$1.5 Billion, Seven-Year Education Bill Will Have ‘Tremendous Impact’ for Haverhill Families: Vargas

Senate President Karen Spilka (left) Education Committee Co-Chairs Sen. Jason Lewis and Rep. Alice Peisch, and House Speaker Robert DeLeo unveiled their education funding reform bill in the State Library on Sept. 19, 2019. (Courtesy photograph/Sam Doran, SHNS)

Haverhill students are among those poised to benefit from a new $1.5 billion consensus school finance reform bill that House and Senate leaders rolled out Thursday that’s expected to hit the Senate floor in two weeks.

Rep. Alice Pesich and Sen. Jason Lewis, the co-chairs of the Education Committee that has been working for months to develop the legislation, said a focus of the bill is providing resources to low-income students.

“I think it’s fair to say that if this bill passes into law, we will have the strongest and most progressive education funding system in terms of how we reflect the needs of low-income students,” Lewis, a Winchester Democrat, said, according to the State House News Service.

The bill, dubbed the Student Opportunity Act and unanimously endorsed by the Education Committee Thursday, would increase Chapter 70 aid to local schools by $1.4 billion, and House Speaker Robert DeLeo said it does not involve plans for additional taxes.

All students in the state will see some benefit from the bill, Peisch said, though the school funding formula has always been intended to give more state aid to districts with greater need.

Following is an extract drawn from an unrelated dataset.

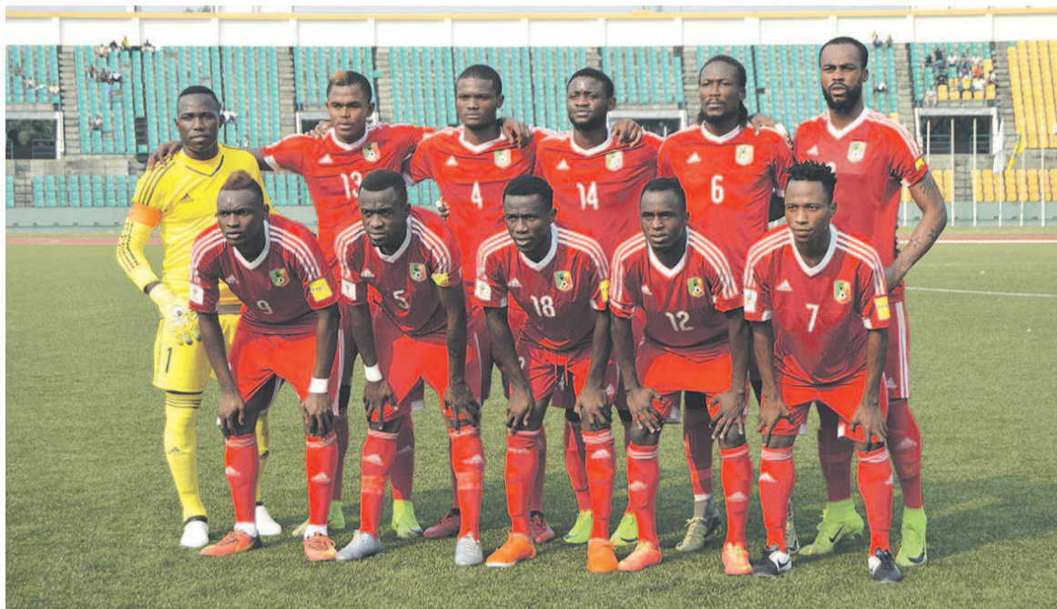
Les Diables rouges locaux

Haverhill state Rep. Andy Vargas, who sits on the Joint Committee on Education and the House Committee on Ways and Means, predicts the bill will have a “tremendous” impact on city families.

“The bill…provides districts with the highest percentages of low-income students, with the greatest increases in education funding. This will have a tremendous impact for Haverhill families. I’m grateful for the teachers, students, and parents that have been organizing and demonstrating the power of civic engagement,” Vargas tells WHAV.

The bill uses Group Insurance Commission data to estimate districts’ employee and retiree health care costs; increases special education enrollment and cost assumptions; increases funding for English language learners and differentiates that money by grade level, with more for older students; and provides additional money based on the percentage of low-income students in a district. It also returns to an older definition of low-income students that was used in past years: 185 percent of the federal poverty level.

In addition to its funding changes, the bill establishes a commission to investigate the challenges facing rural schools and tasks state officials with analyzing the ways local contributions are determined in the Chapter 70 formula.

It creates a “21st Century Education Trust Fund” to support schools and districts pursuing innovative approaches to learning, increases the Massachusetts School Building Authority’s annual spending cap to allow more school construction projects into the pipeline, sets up a three-year timeline to fully fund charter school tuition reimbursements, and expands a special education reimbursement program known as the circuit breaker to include transportation costs.

School districts would be required, under the bill, to set targets for closing persistent achievement gaps and make plans publicly available on how they will spend the money targeted for English learners and low-income students, Lewis said.

The bill will go first to the Senate, and Lewis said a vote is tentatively planned to take place in two weeks after vetting by the Senate Ways and Means Committee.